TASK OBJECTIVE:
Search the listing for the string "book" and copy every line that contains it.
START GIVEN DATA
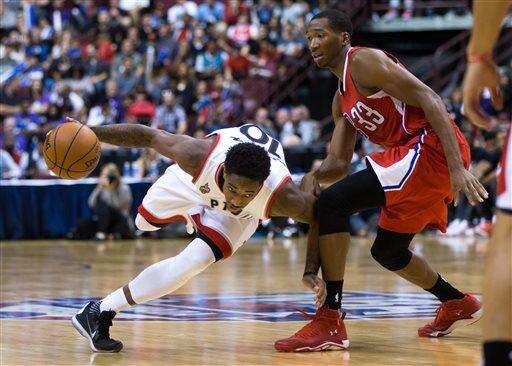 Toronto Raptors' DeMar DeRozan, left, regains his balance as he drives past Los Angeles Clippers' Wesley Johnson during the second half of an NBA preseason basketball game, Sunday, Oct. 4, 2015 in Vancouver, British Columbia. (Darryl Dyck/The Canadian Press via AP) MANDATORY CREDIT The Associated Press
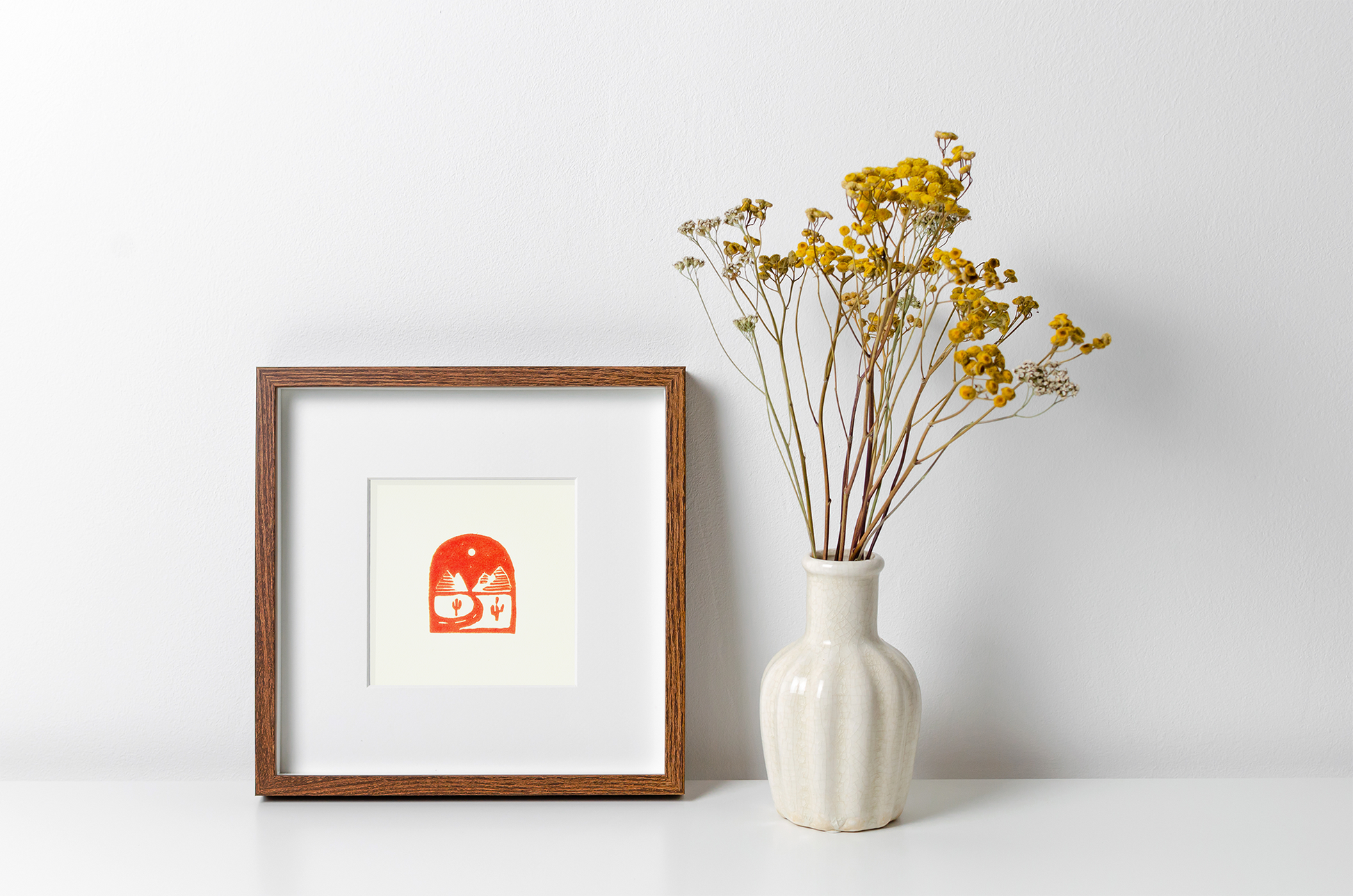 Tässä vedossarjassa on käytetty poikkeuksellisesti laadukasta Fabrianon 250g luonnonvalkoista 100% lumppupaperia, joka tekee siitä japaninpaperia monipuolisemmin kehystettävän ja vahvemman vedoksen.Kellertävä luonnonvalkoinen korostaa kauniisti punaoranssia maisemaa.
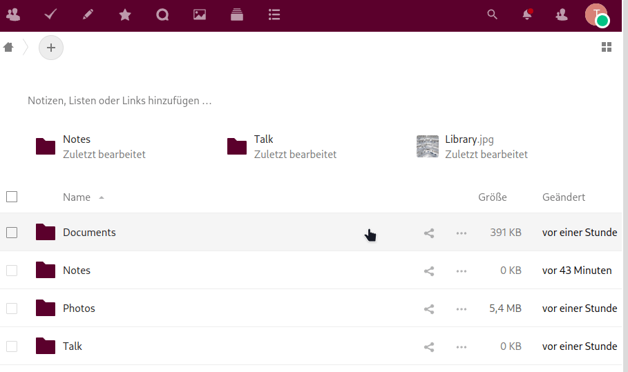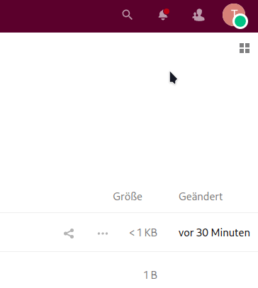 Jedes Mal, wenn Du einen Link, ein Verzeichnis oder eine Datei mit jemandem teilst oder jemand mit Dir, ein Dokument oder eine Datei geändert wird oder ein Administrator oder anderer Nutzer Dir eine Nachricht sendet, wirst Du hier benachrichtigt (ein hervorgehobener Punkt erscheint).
END GIVEN DATA
START GIVEN DATA
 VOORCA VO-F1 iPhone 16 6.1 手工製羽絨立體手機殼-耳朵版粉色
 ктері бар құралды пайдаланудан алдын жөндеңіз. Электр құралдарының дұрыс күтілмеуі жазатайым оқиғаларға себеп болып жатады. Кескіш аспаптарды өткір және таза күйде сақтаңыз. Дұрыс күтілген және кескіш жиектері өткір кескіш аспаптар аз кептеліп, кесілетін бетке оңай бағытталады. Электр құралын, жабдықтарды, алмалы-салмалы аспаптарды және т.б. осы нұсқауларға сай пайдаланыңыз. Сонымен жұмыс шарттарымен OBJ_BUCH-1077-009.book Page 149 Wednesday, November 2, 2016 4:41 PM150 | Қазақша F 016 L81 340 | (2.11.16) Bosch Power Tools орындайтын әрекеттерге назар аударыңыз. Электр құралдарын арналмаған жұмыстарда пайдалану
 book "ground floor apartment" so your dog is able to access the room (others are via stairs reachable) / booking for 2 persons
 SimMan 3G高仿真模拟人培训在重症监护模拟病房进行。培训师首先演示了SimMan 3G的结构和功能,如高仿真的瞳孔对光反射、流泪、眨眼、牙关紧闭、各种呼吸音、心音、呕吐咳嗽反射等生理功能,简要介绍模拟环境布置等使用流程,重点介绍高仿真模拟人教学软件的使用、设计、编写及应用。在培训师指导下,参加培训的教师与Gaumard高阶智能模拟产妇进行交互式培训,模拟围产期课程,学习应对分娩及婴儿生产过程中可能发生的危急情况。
END GIVEN DATA
EXERCISE SOLUTION:
 ктері бар құралды пайдаланудан алдын жөндеңіз. Электр құралдарының дұрыс күтілмеуі жазатайым оқиғаларға себеп болып жатады. Кескіш аспаптарды өткір және таза күйде сақтаңыз. Дұрыс күтілген және кескіш жиектері өткір кескіш аспаптар аз кептеліп, кесілетін бетке оңай бағытталады. Электр құралын, жабдықтарды, алмалы-салмалы аспаптарды және т.б. осы нұсқауларға сай пайдаланыңыз. Сонымен жұмыс шарттарымен OBJ_BUCH-1077-009.book Page 149 Wednesday, November 2, 2016 4:41 PM150 | Қазақша F 016 L81 340 | (2.11.16) Bosch Power Tools орындайтын әрекеттерге назар аударыңыз. Электр құралдарын арналмаған жұмыстарда пайдалану
 book "ground floor apartment" so your dog is able to access the room (others are via stairs reachable) / booking for 2 persons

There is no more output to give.